TASK TO COMPLETE
Your answer should hold every line of the records below that contains the string "with".

RAW DATA
+ + + +
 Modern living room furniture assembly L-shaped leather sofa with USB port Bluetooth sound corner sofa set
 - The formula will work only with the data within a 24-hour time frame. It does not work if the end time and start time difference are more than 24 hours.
+ + + +
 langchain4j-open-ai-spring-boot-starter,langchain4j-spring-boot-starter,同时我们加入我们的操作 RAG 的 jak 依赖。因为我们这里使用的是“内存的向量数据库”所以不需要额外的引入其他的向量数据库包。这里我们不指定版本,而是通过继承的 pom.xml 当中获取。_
+ + + +
RESPONSE
 Modern living room furniture assembly L-shaped leather sofa with USB port Bluetooth sound corner sofa set
 - The formula will work only with the data within a 24-hour time frame. It does not work if the end time and start time difference are more than 24 hours.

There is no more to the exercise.